Even when ordering a salad, he’s far more palatable as a woodland creature
People Would Like James Corden More If He Were Simply Peter the Rabbit All the Time

It’s been a tough year for James Corden, the British comedian turned talk show host turned CGI cat who feels personally attacked by the dining hours of Los Angeles area pasta restaurants. The road to better times, though, doesn’t need to be long, winding or complicated: People would love James Corden once more if he were simply the animated Peter Rabbit all the time.

Listen, I get it. On a deep human level, we all deserve to see a movie musical without a James Corden jump scare. Furthermore, as a society we can’t stand the empowered theater kid. It sucks to be the powerless Chad living in the Virgin Lin-Manuel Miranda’s twisted world. But is it really Corden’s fault that his agent is too good at booking him roles, and that Corden never wants to be home with his wife and three kids?

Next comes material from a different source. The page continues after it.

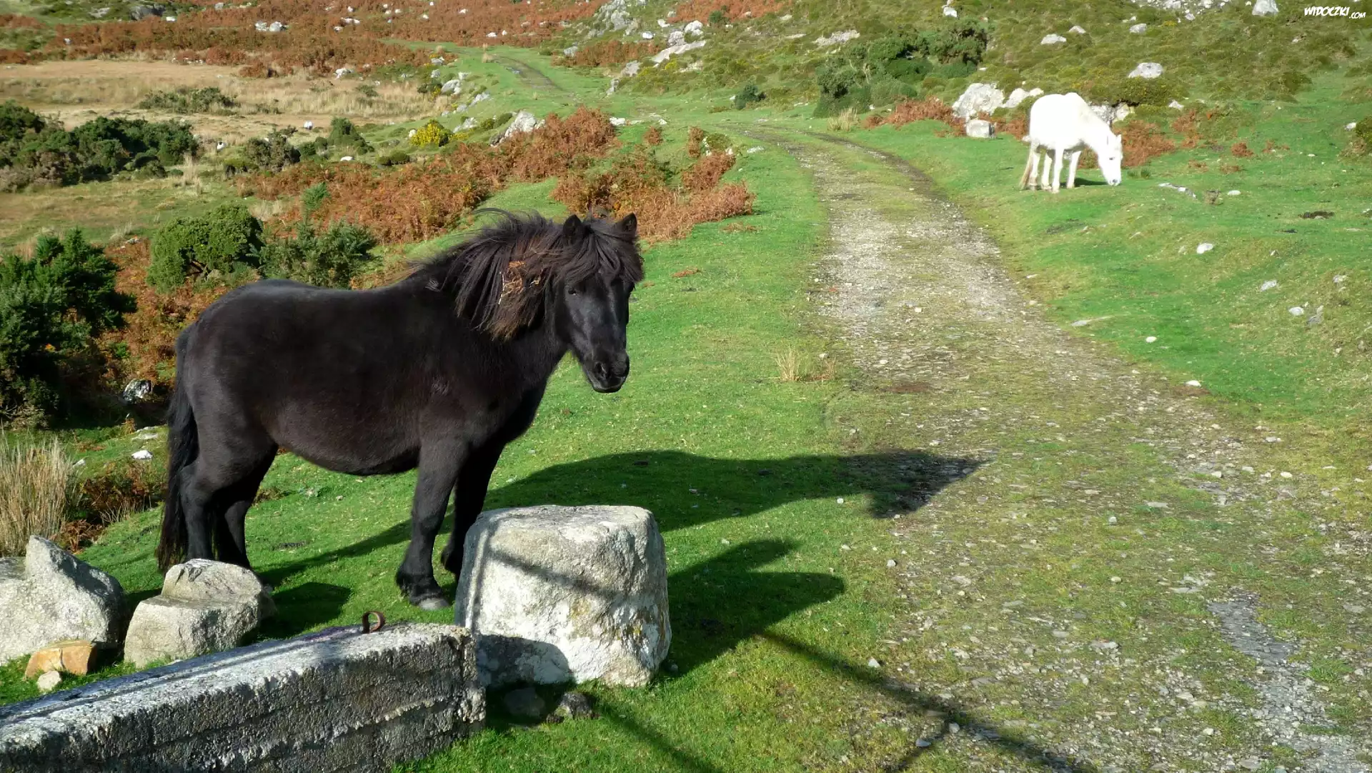 Zdjęcia, Konie, Polna, Droga, Kamienie

So, again, I say we look on the bright side. And by the bright side I mean putting away our anti-James Corden sentiment and viewing him only as an animated rabbit who wears a jacket in 2018’s criminally underrated Peter Rabbit. Unfortunately, no one gave it a chance at the time because Corden voices the titular character. And that’s a tragedy on par with the Hindenburg or not enough people reading Emily Ratajkowski’s personal memoir.

Trust me, Peter Rabbit is funny. It has straight twink Domhnall Gleason doing some of the best physical comedy of the 21st century. The animals look incredibly soft, Sia voices a horny hedgehog and Rose Byrne is a delight as their caretaker. Corden, meanwhile, is at his absolute finest — exactly because you can’t see his face. No shame to his personage, but seeing even a glimpse of him wrenches you directly into the ugly reality of how he’s won eight Primetime Emmys for “Carpool Karaoke.” I can’t discuss any of these obvious positives, though, because of our collective Corden-phobia. 

Is it also because it’s a children’s movie and I’m a childless adult woman? Sure, I’m open to that. But as a counterpoint, the sequel, Peter Rabbit 2: The Runaway, kept up the laughs and the fun of the original, and childless adult woman or not, I’d be excited to see where Peter, McGregor and the gang go next. 

And so, the next time you see a headline about Corden throwing a salad in a maitre d’s face, take a second to think to yourself, “Hey, that’s not a famous man. That’s just the pesky little guy who caused a stir at Old McGregor’s farm in the animated movie Peter Rabbit.” 

Together, we can conquer our prejudices.